Brief uit Turkije overtuigt Kamer niet
CDA, ChristenUnie en SGP zijn niet tevreden met de brief die de Turkse minister van Buitenlandse Zaken, Gül, eind vorige week via zijn Nederlandse collega Bot naar de Tweede Kamer heeft gestuurd.
In zijn brief schrijft Gül dat de Turkse overheid kosten noch moeiten spaart om de wetgeving inzake mensenrechten en godsdienstvrijheid verder aan te passen en effectieve uitvoering van de regels te verzekeren. De Turkse grondwet verzekert dat alle burgers gelijk zijn voor de wet, ongeacht hun religie, aldus Gül. Ten aanzien van mensenrechtenschendingen hanteert de Turkse regering volgens hem een „zero-tolerance-beleid.”
Voor het CDA, dat zeer kritisch staat tegenover het openen van de toetredingsonderhandelingen van de EU met Turkije, is de brief zeer belangrijk. De partij vindt dat het starten van de besprekingen niet aan de orde kan zijn zolang Turkije onvoldoende praktische garanties kan en wil geven dat er een einde komt aan martelpraktijken en intimidatie van religieuze minderheden. De brief stelt CDA-kamerlid Van Dijk op beide punten teleur. „Ik heb er niets nieuws in gezien. Het is een herhaling van zaken die wij al lang wisten.”
Turkije wil ook niet tegemoet komen aan de wens van het CDA dat er een onafhankelijk monitoringscomité komt om martelingen tegen te gaan. Discriminatie van christenen wordt in de brief ontkend. Het CDA handhaaft daarom zijn standpunt dat de toetredingsonderhandelingen met Turkije niet kunnen worden geopend.

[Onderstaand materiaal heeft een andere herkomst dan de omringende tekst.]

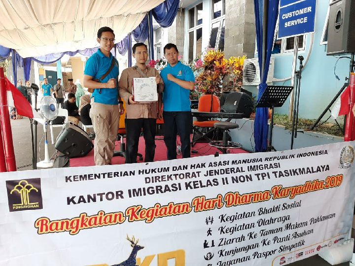 KOTA TASIKMALAYA (CM) – Meriahkan Hari Bhakti Dharma Karyadhika Tahun 2019, Kementerian Hukum dan Hak Asasi Manusia (Kemenkumham) melalui Kantor Imigrasi Kelas ll Non TPI Tasikmalaya, mengisi hari libur selama dua hari dengan menggelar kegiatan pelayanan pembuatan paspor Simpatik.

SGP-kamerlid Van der Staaij beschouwt de brief van Gül als „oppervlakkige propaganda. Het is vooral symboolpolitiek. Er staan mooie, algemene zinnetjes in, maar de verbeteringen worden niet echt concreet gemaakt.” Van der Staaij wijst erop dat de rechtspersoonlijkheid van christelijke kerken ondanks alle toezeggingen nog steeds niet is geregeld.

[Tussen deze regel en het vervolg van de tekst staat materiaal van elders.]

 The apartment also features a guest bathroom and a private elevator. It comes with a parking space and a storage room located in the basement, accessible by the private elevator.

ChristenUnie-fractievoorzitter Rouvoet vindt de brief van Gül „te vlak, te optimistisch en te positief over de situatie nu en in het verleden. De brief ademt een sfeer van: er was geen probleem en er is geen probleem, het gaat allemaal goed.” Het baart Rouvoet zorgen dat de Turkse regering niet onderkent dat de godsdienstvrijheid in Turkije nog steeds gebrekkig is. Niet-moslims voelen zich gelijkwaardig aan moslims, stelt Gül. Rouvoet krijgt daar via diverse organisaties echter „andere signalen van.”